追いかけても無駄だとわかり、息をゆっくりと吐き出して眼鏡のブリッジに手をかける。聴いたのならしょうがない。もうこの楽しそうなヒカルから逃げようがない。


「オペラかクラシックしか聴かないって言ってたバーニィがねぇ」
「…仕事だからしょうがないでしょう」
「技術部の方からも好評だったわよ。ブルーローズも真っ青って」


どうも、と言葉だけを返す。しかしこういうものを買う人だとは思っていなかったのだが。情報はおじさん辺りか友人からだろうか。


「ちゃんと自分でショップで買ったわよ。
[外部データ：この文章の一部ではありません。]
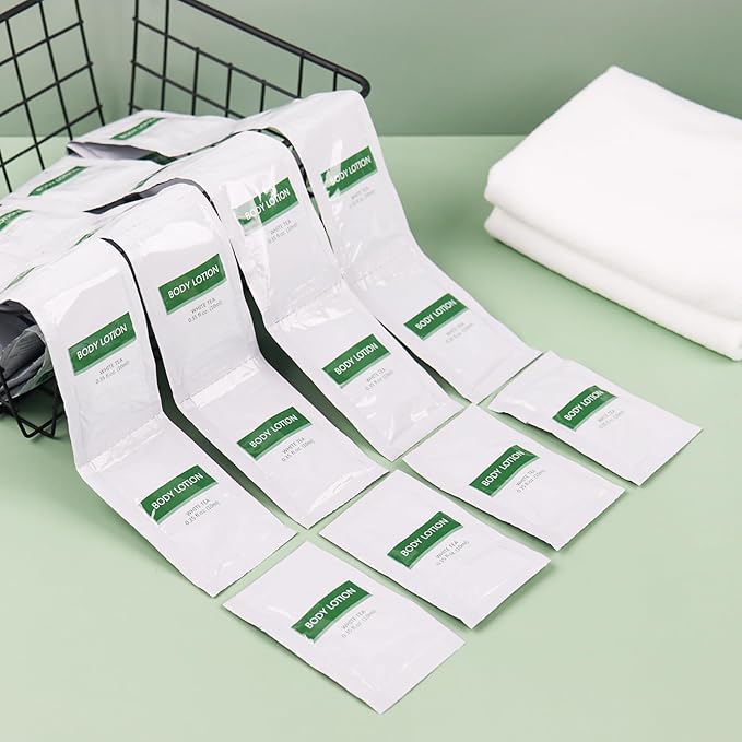- Bulk for Nice Value: 200 piece set of 0.35 oz/10ml travel size body lotion bulk; Neatly packaged,easy to tear open, very convenient, ideal travel size disposable toiletries for guests, family use, vacation rental use

虎徹さんも黙ってるから、頼れないと思って」
「言ってくれれば差し上げますよ…」
「嘘おっしゃい」


リリース日はぐらかしてたでしょ、と言われればもう黙るしかない。さっきは散々逃げ回っていたくせに今度は彼女から僕に歩み寄り、彩られた爪先を僕の髪に差し込む。


「良い曲じゃない?よく頑張りました」
「…ありがとうございます」


細めた切れ長のダークブラウンにゆるく見つめられる。
上から目線ではあるものの、てっきりからかわれるだけだと思っていたので思わず視線が下がる。
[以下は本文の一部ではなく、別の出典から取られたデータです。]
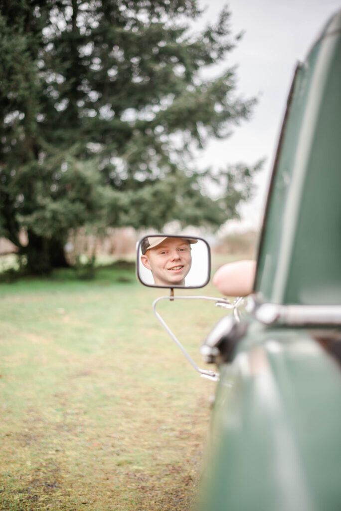 Using a vintage truck helps create a vibe. Is he a guy who loves to be outdoors? A vintage truck will feel right at home. Does he have a thing for the retro look or a love for adventure? The right truck can totally set that scene. Girls love having trucks in their shoots too! It’s all about capturing their story.

「だって貴方も勿論好きだけど、私TIGER&BARNABYのファンでもあるの」


そのまま伸びた睫毛に手招かれるように視線を合わせ、するりと頬に下ろされた手を取れば彼女はひときわ楽しそうにほほえんで「ね?」と囁く。
じわりとしたよくわからない悔しさから口をひき結べば、今度は細い指が口元に触れてそのまま視界が長い睫毛に埋められた。



(だから帰りの車でかけていい?)
(後生ですからやめてください)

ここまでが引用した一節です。